Sejumlah korban lain diduga mengalami penyiksaan seperti Markus Webori, Martinus Daisiu, Ronald Ramandey, Piet Hein Torey, Metusalem Saba, Hermanus Sawaki, Guru Thonce Baransano, Guru Nathaniel Yoweni, Yosias Manupapami, Jack Y Wiay, Yulius Ayomi, Yotam Aronggear, Muray Viktor Yoweni, Frans Saba, Guru Yan Ataribaba, Amalina Kiri, Yosef Yoweni, Sefnath Arumisore, Killion Rumadas, Frans Yoweni, Kristian Rumbrar, Korneles Sumuai, Jehuda Wombay, Martinus Windessy, Otis Sarumi, Petrus Bugis Korporasi, Frans Samberi, Yohanes Tambahan, Korneles Tambahan, Markus Marani, Herens Yoteni, Fery Torey, Elisa Saba.

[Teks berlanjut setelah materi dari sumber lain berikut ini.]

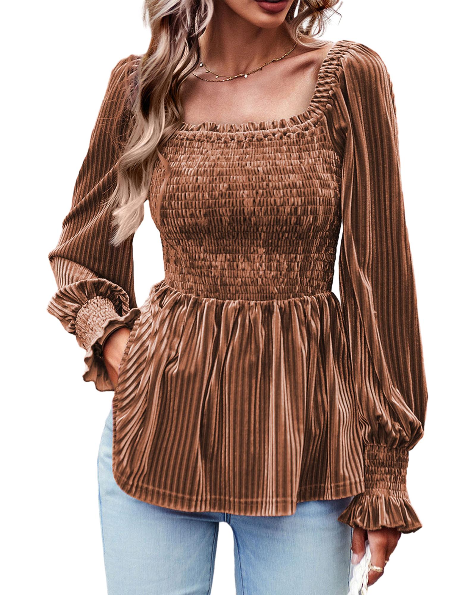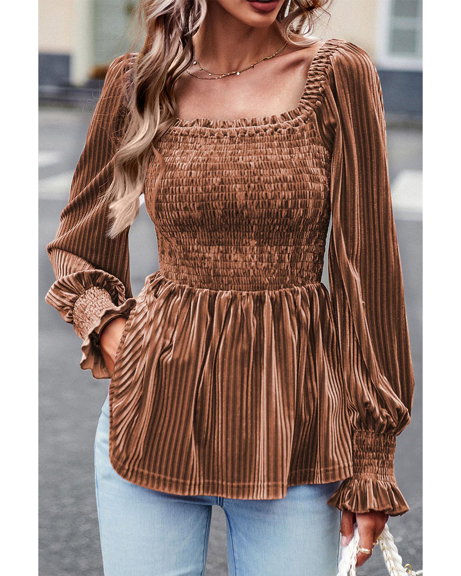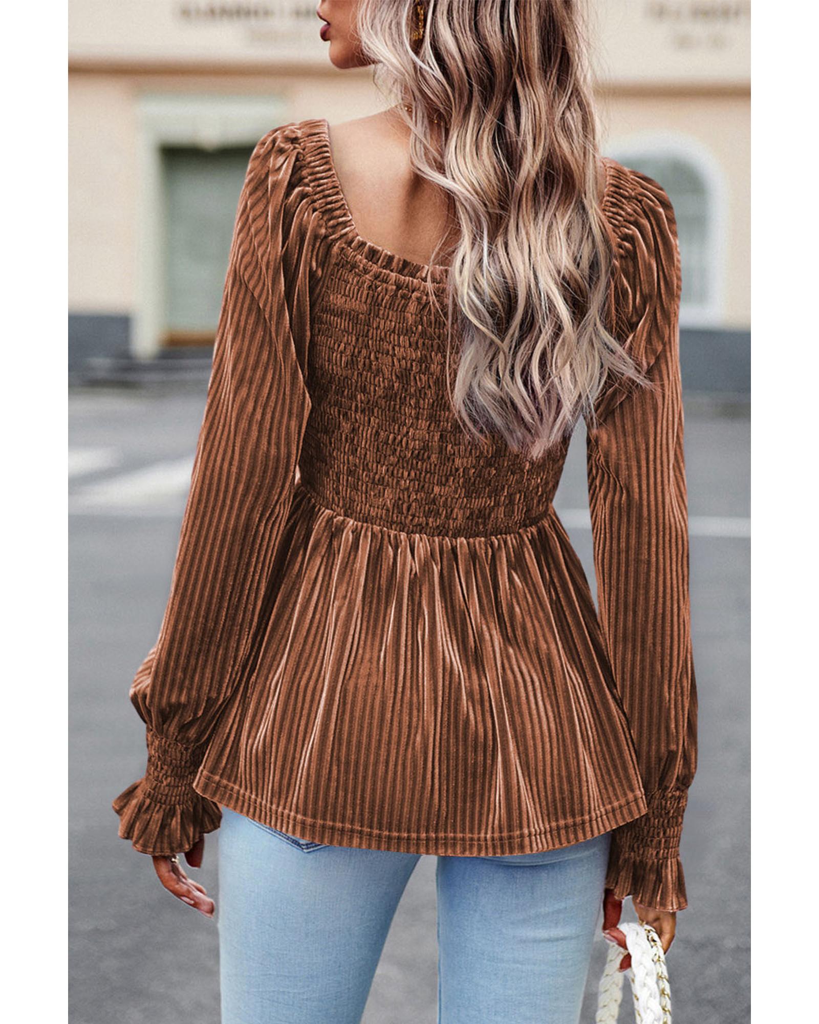 Chestnut Smocked Ribbed Velvet Babydoll Top – M

Lanjut Warinussy, mereka para korban ini diduga mengalami penyiksaan saat ditangkap dan ditahan di Polsek Wasior, Polres Nabire dan Polres Manokwari.

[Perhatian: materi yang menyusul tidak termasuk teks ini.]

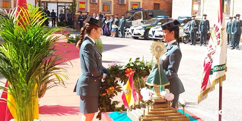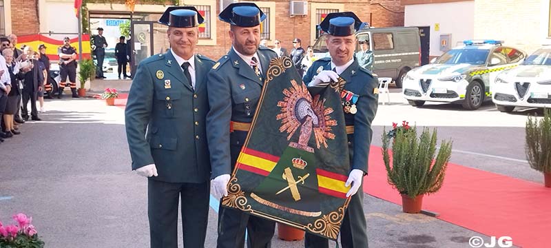 Para finalizar como colofón a este emotivo acto y en representación de los “Polillas” destinados en el Destacamento de Tráfico de la Guardia Civil en Benicarló, el Cabo 1° D. FRANCISCO FERNÁNDEZ ABELLAN y el Guardia Civil D. FRANCISCO JAVIER BENITEZ RODRÍGUEZ, hace entrega de un Pendón con la Imagen de la Santísima Virgen del Pilar, con el objeto de que, en adelante, presida los actos que se celebren en Su Honor, en este acuartelamiento.

Para Terduga pelakunya diduga adalah sejumlah anggota polisi yang diantaranya masih hidup dan masih bertugas saat ini di Polres Manokwari dan Polda Papua Barat.
Kemudian terdapat 3 (tiga) korban penghilangan paksa yaitu Daniel Saba di Desa Wondiboi, Agus sabandi Wondamawi I dan Maikel Numanderi di kampung Yopanggar serta John Calvin Werianggi di Windessy.
Terduga pelakunya diduga keras adalah anggota Brimob serta seorang perempuan bernama Ester Rumsayor yang diduga diperkosa oleh anggota Brimob dan dihilangkan.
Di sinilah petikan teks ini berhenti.